PROJECT SUMMARY/ABSTRACT
Sexual minority adults experience suicidal thoughts and behaviors (STBs) at rates 3–6 times higher than
heterosexual adults: Up to 20% of sexual minority adults seriously consider suicide each year, compared to 4%
of heterosexual adults. Sexual minorities are not a monolithic group, and STB prevalence varies by people’s
intersectional identities. For example, STB prevalence varies by rurality, such that rural sexual minorities have
higher STB prevalence than urban sexual minorities. Regardless of one’s identities, STB risk occurs in acute
and dynamic patterns. This means that STB risk changes quickly, over hours or days. Clarifying acute and
dynamic STB risk processes provides critical information on how to predict, prevent, and treat STBs. However,
there is a complete absence of research on sexual minorities’ acute and dynamic STB risk processes. This is a
critical barrier to progress in suicide prediction and prevention. In response to the NOSI for Research on the
Health of Sexual and Gender Minority Populations (MD-22-012), the goal of this K08 is to examine how acute
and dynamic STB risk processes predict future STBs in rural sexual minority adults. This K08 uses exploratory
sequential mixed methods to complete two studies and four research aims. In Study 1, Aim 1 will use
qualitative interviews to explore rural sexual minority adults’ perceived STB risk processes within and outside
rural and LGBTQIA+ communities. Qualitative data will inform assessments in Study 2. Study 2 includes a fully
remote ecological momentary assessment (EMA) protocol. The EMA protocol includes 6 surveys per day for
21 days, where participants will report on their STBs, known STB risk factors (stigma, low belonging), and the
risk processes identified in Study 1. Aim 2 will determine the feasibility and acceptability of rural sexual minority
adults completing a fully remote STB EMA protocol. Aim 3 will use EMA data to estimate acute, dynamic,
multivariate STB risk factor networks. Aim 4 will use STB risk factor network parameters to predict STBs at 3-
and 6-month follow-up. The research aims will provide pilot data for an R01 assessing the intersectionality of
sexual minority adults’ rurality, gender, race, and ethnicity on STB risk processes. To accomplish these
research aims, I will complete training activities related to four training aims: (1) develop expertise in sexual
minority health, (2) build skills in qualitative and mixed methods, (3) learn advanced EMA methods, and (4)

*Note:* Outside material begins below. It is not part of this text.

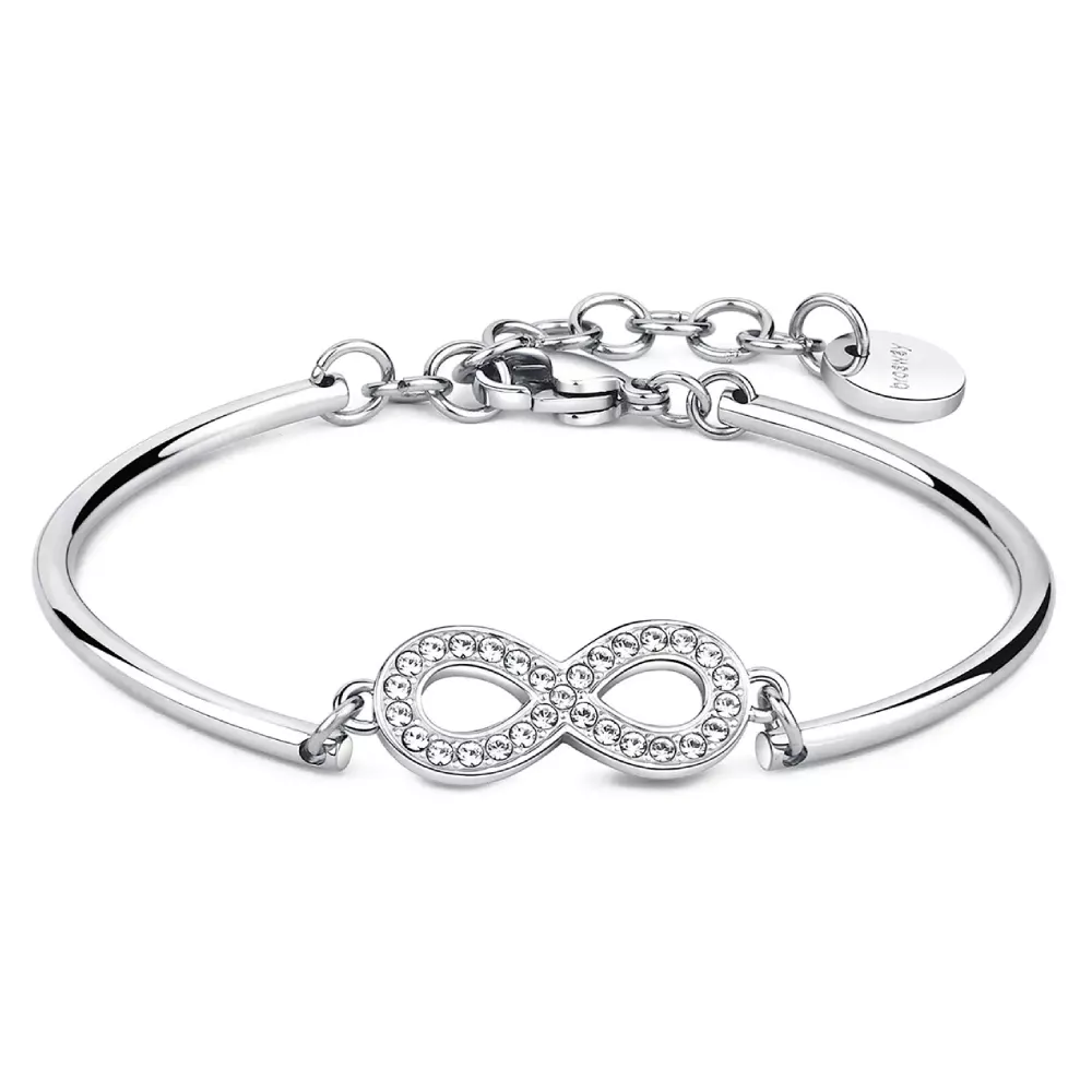Moderna ženska narukvica brenda Brosway, iz kolekcije Chakra. Karakteriše je čvrsta forma u boji srebra, kao i privezak sa simbolom beskonačnosti koji predstavlja stimulus da vaš um traži odgovore i istražuje nepoznate uglove stvarnosti. Kao simbol večnosti izražava čvrstu nameru da posvetite svoj život nečemu ili nekome drugom.

conduct person-specific data analyses. I will complete training activities under a team of expert mentors. The
scientific environment at the Pennsylvania State University and its College of Medicine offers ample scientific
and practical resources to successfully complete the proposed research and training aims and to achieve my
long-term career goal of becoming an independent clinical scientist. The proposed K08 will launch my
independent research career focused on clarifying intersectional STB risk processes for sexual minorities
across the rural–urban continuum and informing therapeutic targets for sexual minority STB prevention.